- [Your instructions] Set out word for word the line that contains "此次理论学习会共有三个流程。" and each line after it, through the end of the data below, but exclude the pictures.

[Dataset items]
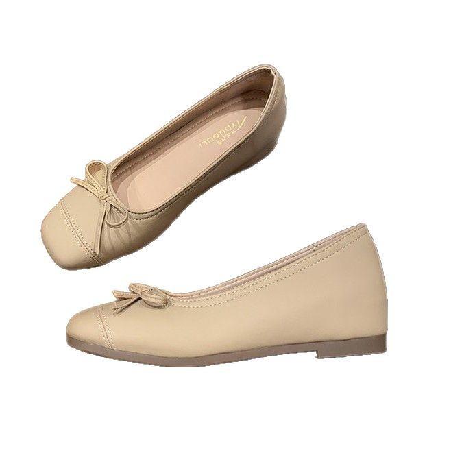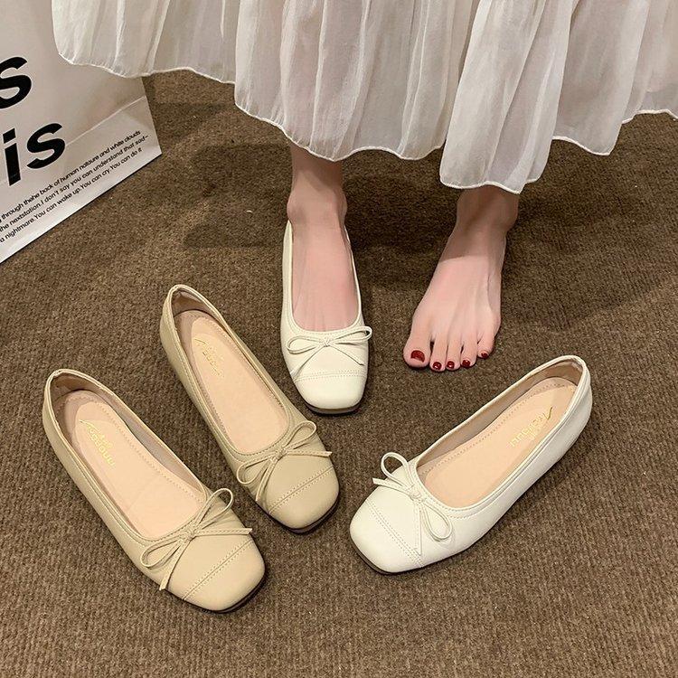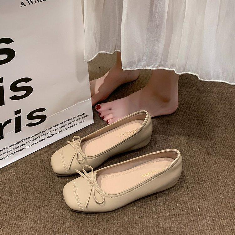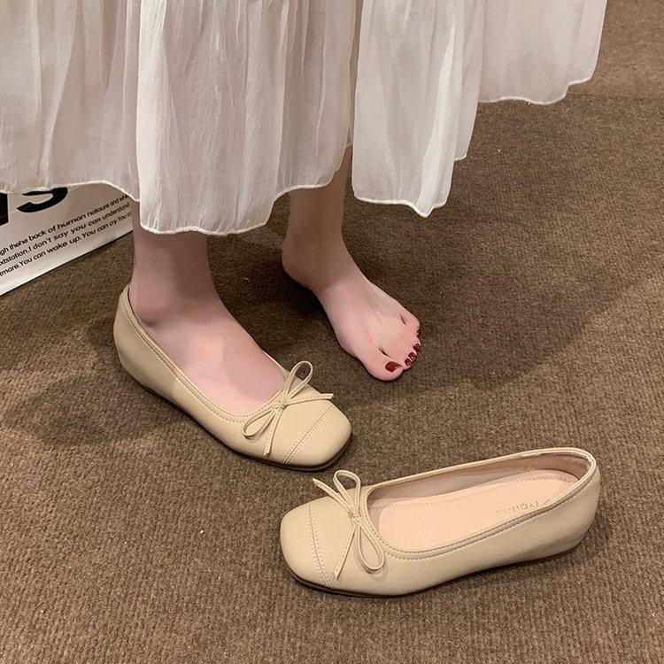 Французский темперамент квадратная голова бант неглубокий носок одинарные туфли женские летние 2025 новые модели с юбками плоские туфли на мягкой подошве женские туфли
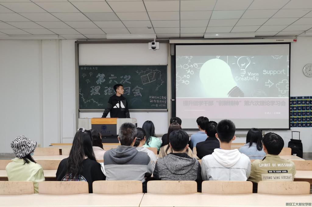 此次理论学习会共有三个流程。会议伊始,网信部学生干部王旭超讲解何为创新精神以及创新精神对一个国家和民族发展的重要意义。随后,参与此次理论学习会的成员共同探讨为什么要具备创新精神。策划部学生干部田雅轩表示:无论是对于一个民族还是对个人而言,创新精神都是一种强有力的驱动力。其次,王旭超从团学干部个人角度出发,讲解如何提升自我创新能力,想要提升创新能力,就需要多方面汲取知识、并具备质疑的能力,发散自己的思维。
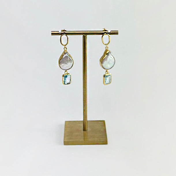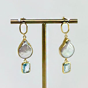 Elevate your everyday outfit with our Gold Filled over Sterling Silver, Freshwater Pearl and Blue Topaz Drops. The delicate gold-filled posts add a touch of luxury while the sparkling blue topaz and lustrous pearl bring elegance. Perfect for any occasion, these drops are sure to turn heads.
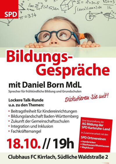 In Zusammenarbeit mit den Ortsvereinen der SPD Waghäusel, Hambrücken und Oberhausen-Rheinhausen lädt die AG Bildung der SPD Karlsruhe-Land alle interessierten Bürger herzlich zu den „Bildungsgesprächen“ ein. In lockerer Runde möchten wir uns mit Ihnen zu Themen wie Beitragsfreiheit für Kindereinrichtungen, der Bildungslandschaft im Bundesland, der Zukunft von Sprach-Kitas, Fragen der Inklusion in Kitas und Schulen, sowie dem Fachkräftemangel im Bildungssektor austauschen.
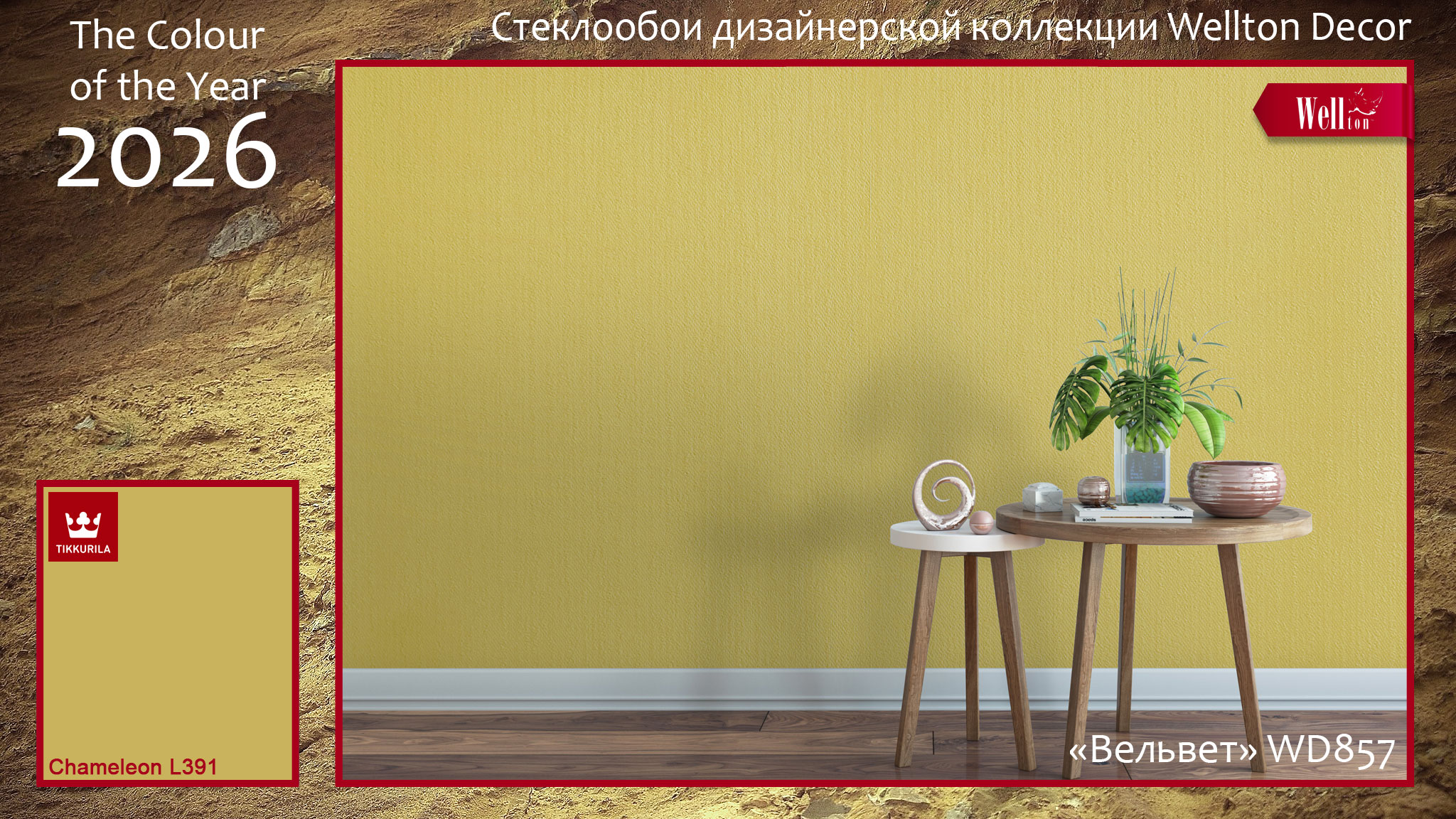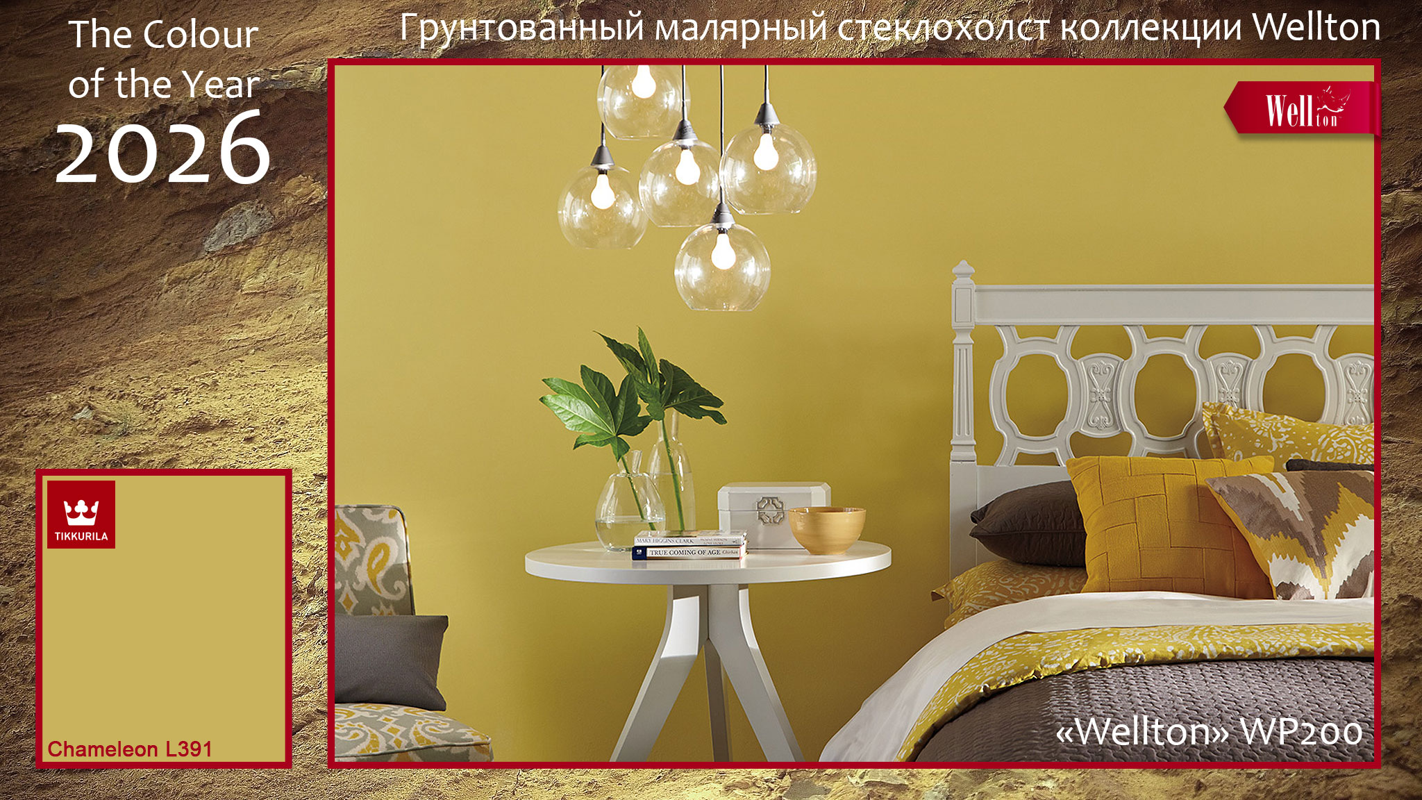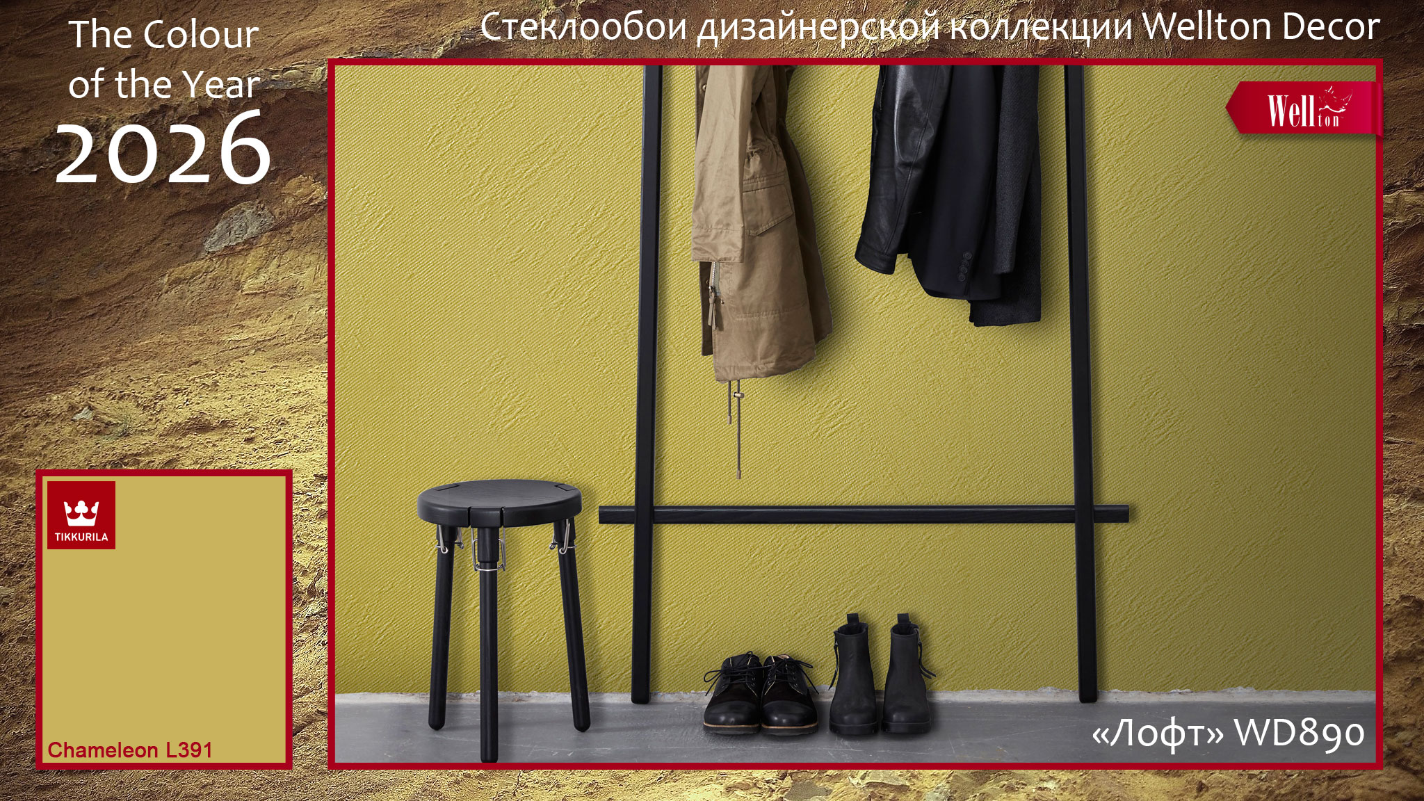 Благодаря своей многогранной натуре, цвет Chameleon L391 потрясающе зарекомендовал себя при окрашивании фактурных поверхностей высокорельефных стеклообоев классической и дизайнерской коллекции Wellton. В дополнении к меняющемуся освещению, цвет, словно настоящий хамелеон, трансформируется из-за светотени, создаваемой фактурными полотнами стеклообоев Wellton Decor, Wellton Optima и Oscar. А с гладкими фактурами малярных стеклохолстов и малярных флизелинов цвет формирует восхитительные фоновые полотна для создания стильного дизайна интерьера. В этот цвет, кстати, отлично колеруется наша уникальная краска Oscar для стеклохолста, которая позволяет не только создать идеально гладкие стены, но и получить стильный оттенок интерьера в 2026 году.

- [Result]
 此次理论学习会共有三个流程。会议伊始,网信部学生干部王旭超讲解何为创新精神以及创新精神对一个国家和民族发展的重要意义。随后,参与此次理论学习会的成员共同探讨为什么要具备创新精神。策划部学生干部田雅轩表示:无论是对于一个民族还是对个人而言,创新精神都是一种强有力的驱动力。其次,王旭超从团学干部个人角度出发,讲解如何提升自我创新能力,想要提升创新能力,就需要多方面汲取知识、并具备质疑的能力,发散自己的思维。
 Elevate your everyday outfit with our Gold Filled over Sterling Silver, Freshwater Pearl and Blue Topaz Drops. The delicate gold-filled posts add a touch of luxury while the sparkling blue topaz and lustrous pearl bring elegance. Perfect for any occasion, these drops are sure to turn heads.
 In Zusammenarbeit mit den Ortsvereinen der SPD Waghäusel, Hambrücken und Oberhausen-Rheinhausen lädt die AG Bildung der SPD Karlsruhe-Land alle interessierten Bürger herzlich zu den „Bildungsgesprächen“ ein. In lockerer Runde möchten wir uns mit Ihnen zu Themen wie Beitragsfreiheit für Kindereinrichtungen, der Bildungslandschaft im Bundesland, der Zukunft von Sprach-Kitas, Fragen der Inklusion in Kitas und Schulen, sowie dem Fachkräftemangel im Bildungssektor austauschen.
 Благодаря своей многогранной натуре, цвет Chameleon L391 потрясающе зарекомендовал себя при окрашивании фактурных поверхностей высокорельефных стеклообоев классической и дизайнерской коллекции Wellton. В дополнении к меняющемуся освещению, цвет, словно настоящий хамелеон, трансформируется из-за светотени, создаваемой фактурными полотнами стеклообоев Wellton Decor, Wellton Optima и Oscar. А с гладкими фактурами малярных стеклохолстов и малярных флизелинов цвет формирует восхитительные фоновые полотна для создания стильного дизайна интерьера. В этот цвет, кстати, отлично колеруется наша уникальная краска Oscar для стеклохолста, которая позволяет не только создать идеально гладкие стены, но и получить стильный оттенок интерьера в 2026 году.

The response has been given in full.